Design Defects and Workmanship Defects
The boundary between a design and a workmanship defect can easily become blurred. Generally workmanship defects relate to decisions such as the type of fixing method used to execute a design provided by another. Specialist details may sometimes be left to specialist subcontractors who can make detailed ‘design’ decisions without referring to architect drawings for guidance. This would not amount to delegation of responsibility by the architect as this aspect of design responsibility did not rest with him in the first place. The design of temporary works is said to fall within the remit of the contractor, hence traditionally, the architect would not have been expected to intervene in the contractor’s choice of method in carrying out the works.
Key points to note from the distinction between design and workmanship defects:
• A contractor may often not be liable for design defects.

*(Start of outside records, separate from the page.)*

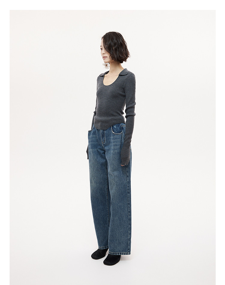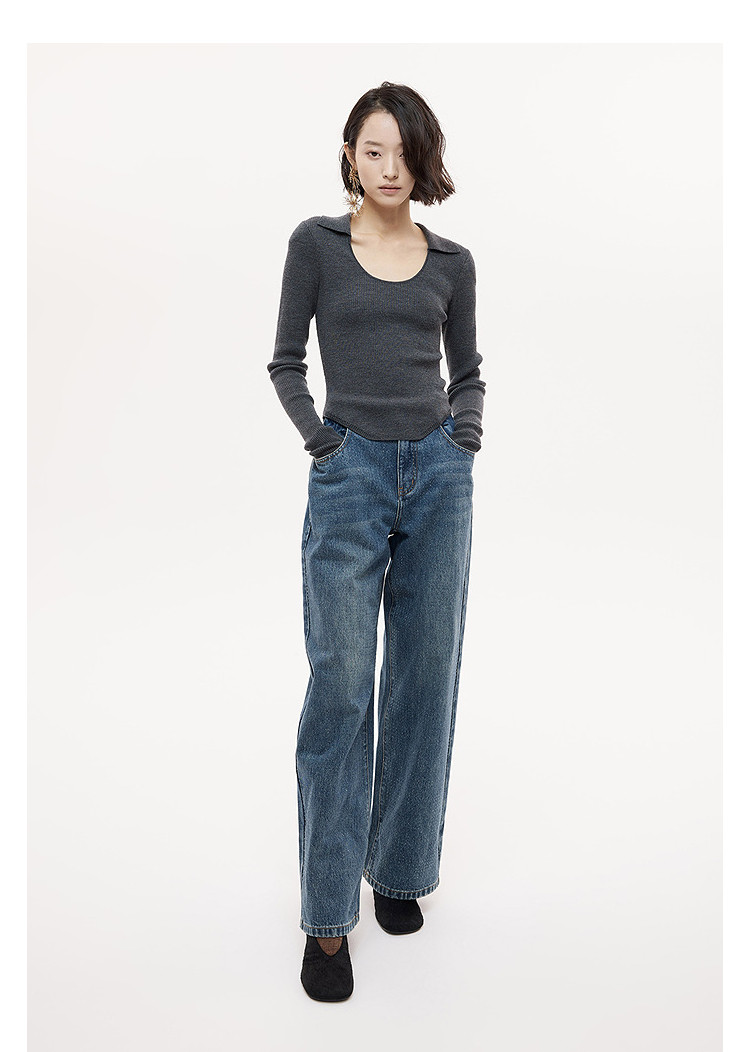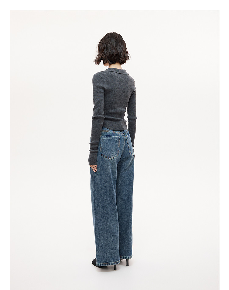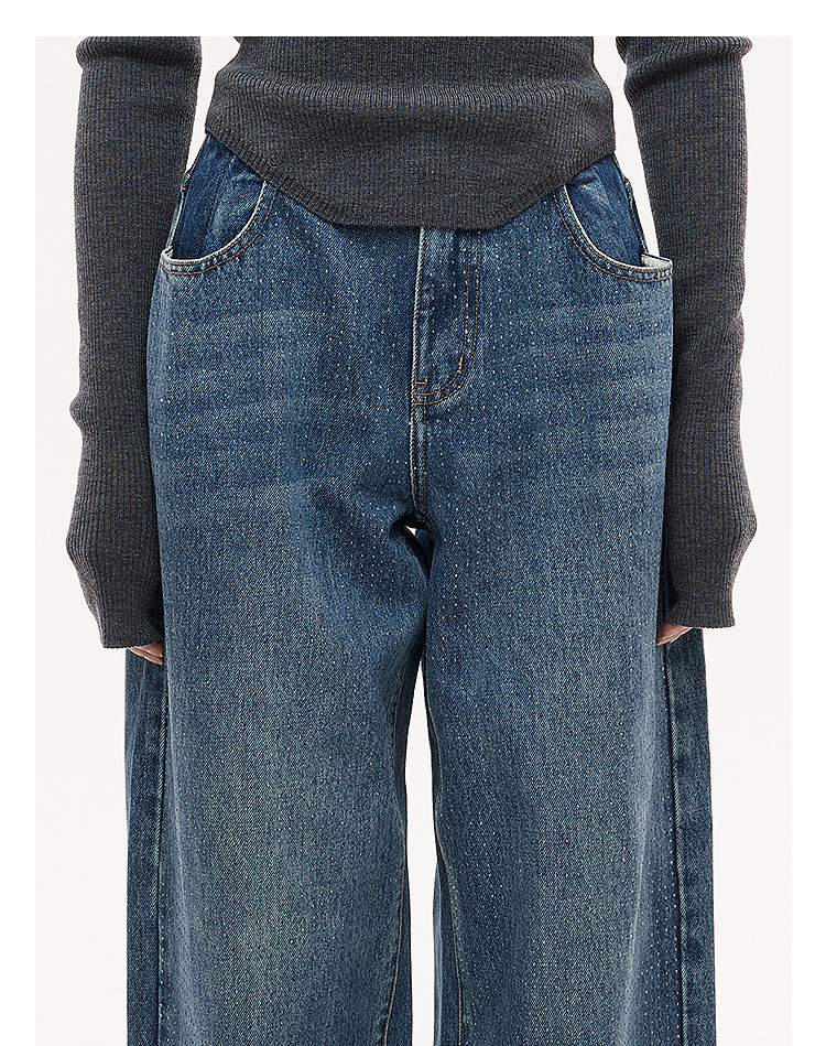DAZZLE jeans women's 25 autumn and winter loose retro blue wide-leg pants
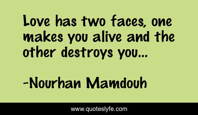 This page presents the quote "Love has two faces, one makes you alive and the other destroys you...". Author of this quote is Nourhan Mamdouh. .
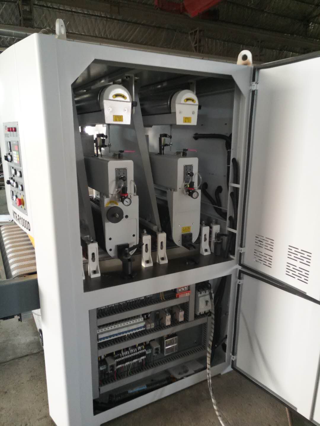 性能特點(diǎn):本底漆砂光機(jī)主要適用于實(shí)木地板、板式家具、復(fù)合板材、實(shí)木門窗、工藝品、仿古地板的漆面砂光及表面精拋光。 -進(jìn)口變頻器調(diào)節(jié)砂帶的線速度,送料系統(tǒng)選用無級變速機(jī) -前砂架為可調(diào)式膠輥,操作簡單,砂偏易調(diào)節(jié),砂架采用鑄造結(jié)構(gòu),變形小,吸震效果好。 -采用25SH天然橡膠彈性大不變形,消除橫紋白邊現(xiàn)象精度高并且使用壽命長 -在出現(xiàn)故障情況下,設(shè)備斷電、剎車、輸送床產(chǎn)生保護(hù)下降,可保護(hù)工件不被破壞 -先進(jìn)的動平衡檢測定厚輥,鋼輥,皮帶輪,使機(jī)器運(yùn)行更加平穩(wěn) -吹塵裝置有效清除砂帶積塵,降溫,延長砂帶使用壽命,提高砂光精度。 -氣壓不足或砂帶斷帶,跑偏時(shí)自動停機(jī),工作臺自動下降確保安全
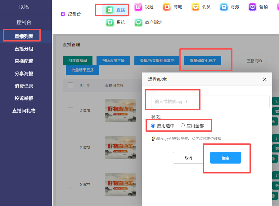 目录 搜索 展开 一、直播前的准备工作1.1.添加主播1.2.添加商品1.2.1.商品标题规范1.2.2.直播间支付解析1.2.3.添加商品分类1.2.4.pc电脑端添加商品1.2.5.手机主播端添加商品1.3.添加外链1.4.添加课程1.5.添加视频(录播/伪直播需要)1.6.添加题库(普通题库、视频题库)1.7.添加优惠券1.8.添加直播间管理员1.9.添加大转盘1.10.积分1.11.红包记录1.12.扩展投票活动1.13.设置快递1.14.添加配送方式1.15.绑定小程序1.16.绑定公众号二、创建直播间2.1.创建手机直播间2.1.1.手机创建手机直播间2.1.2.电脑创建手机直播间预告2.1.3.创建连麦直播间2.2.创建OBS/pc直播2.3.创建录播直播间2.3.1.创建答题直播间2.4.创建伪直播直播间2.5.批量复制创建直播间三、给直播间添加商品或外链3.1.电脑端给直播间添加在售商品和讲解卡片3.2.主播端添加在售商品和讲解卡片3.3.给直播间添加在售外链3.4.给直播间添加在售课程四、直播间相关功能/控制4.1.直播间拉黑/禁言用户4.1.1.电脑pc端禁言4.1.2.手机端禁言4.2.直播间发红包/积分/优惠券4.2.1.主播发放优惠券/红包/积分4.2.2.pc端推送优惠券到直播间4.2.3.用户端领取4.2.4.用户发红包4.2.5.直播间发倒计时红包4.2.6.直播间管理发倒计时红包4.2.7.直播间管理员发积分4.3.直播发签到奖励:红包/积分/优惠4.4.直播间清晰度调整4.5.直播间配置调整4.6.直播间添加大转盘4.7.直播间评论区发图片4.8.直播转为伪直播4.9.直播间机器人氛围组4.9.1.添加机器人和评论组/虚拟购买4.9.2.机器人批量/随机发送评论4.9.3.导入机器人评论组4.10.直播间开启长期直播,链接不变4.11.直播间开启录制,视频可回放观看4.12.给用户下发课程链接4.13.下单课程时弹出客服二维码五、直播间更换域名5.1.后台绑定新域名5.2.服务号更换域名5.3.商户号更换域名六、分享直播间(分销)6.1.默认分销比例设置6.2.单独给商品设置分销6.3.上下级关系形成6.4.h5电脑分享直播间6.5.h5手机分享直播间6.6.微信内跳转浏览器打开直播间6.7.下载app打开直播间6.8.小程序打开直播间6.9.查看自己的推荐分享6.9.1.电脑端:有两个查看方式6.9.2.手机端,会员自己查看自己的推荐和业绩6.10.团队管理/pc端查看管理七、订单发货、售后退款7.1.订单发货、退款、状态修改7.2.商家批量发货八、门店8.1.添加门店8.2.给商品添加门店自提和快递邮寄8.3.门店邀请8.4.门店核销九、添加管理员、添加部门9.1.添加管理员9.2.添加部门十、OBS使用教程10.1.下载安装OBS10.2.设置OBS10.3.OBS直播PPT10.4.调整OBS直播画面清晰度10.5.OBS套用YY美颜插件十一、小程序相关11.1.添加成员11.2.版本管理解除授权11.3.生成appid等参数11.4.修改介绍和类目11.5.更换小程序(管理员绑定小程序)11.6.批量修改小程序(直播间绑定)十二、统计12.1.直播数据12.2.用户时长十三、常见问题 暂无相关搜索结果! 阅读次数:10 本文档使用 MinDoc 发布 11.6.批量修改小程序(直播间绑定) 作者:admin 创建时间:2026-01-31 17:14最后编辑:admin 更新时间:2026-01-31 17:14
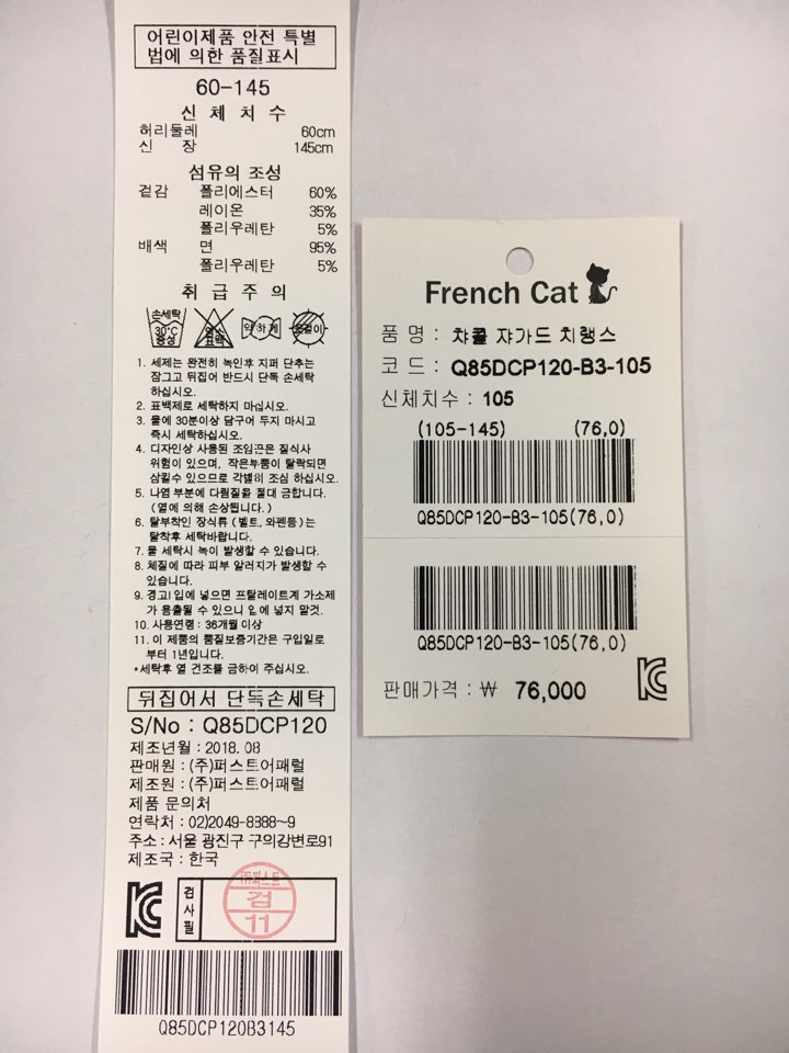 제조자 : 퍼스트어패럴

• Standard form contracts may contain different provisions governing one form of defect to the other.
• Litigants more often than not must go on to distinguish between the causative effect of design defects or workmanship defects. However the prospect of successful appeal may be limited due to the differing findings in facts and law.
• A cause of action may arise at different points in relation to defects, depending on whether there are design defects or workmanship defects.
The obligation on the designer is normally not an absolute obligation to provide a satisfactory result but instead an obligation in contract and, usually in tort, to use reasonable skill and care in the provision of the design. The designer shall not automatically be liable merely due to the existence of design defects, even where the errors result from the designer’s own error: the error generally must be negligent before liability is established. However, the facts may lead to the implication of a term that the designer’s design would be reasonably fit for the purpose.
The scope of a designer’s duty may be affected by the involvement of third parties:
• the designer may have a duty to co-ordinate or assimilate their design.
• there may be an issue concerning the extent to which a designer may delegate any part of its duties to be performed by a third party such that, should the delegated design contain defects, the architect is no longer liable unless it acted negligently in delegating the work in the first place. The law is quite uncertain in this area.
• duties of care in tort derive from product liability cases in which the possibility of intermediate inspection by the client or a person retained by him may deny liability.
• an architect may become liable in circumstances other than failure to use reasonable skill and care e.g. a failure to comply with the directions from the client or to inform the client where the designer intends to depart from those directions.
The issue as to whether a Contractor owes a client a duty in tort has been the subject of considerable debate but generally, the Contractor does not owe such duty in the absence of special assumption of responsibility.
Please note: The content of this article is for information purposes only and further advice should be sought from a professional advisor before any action is taken.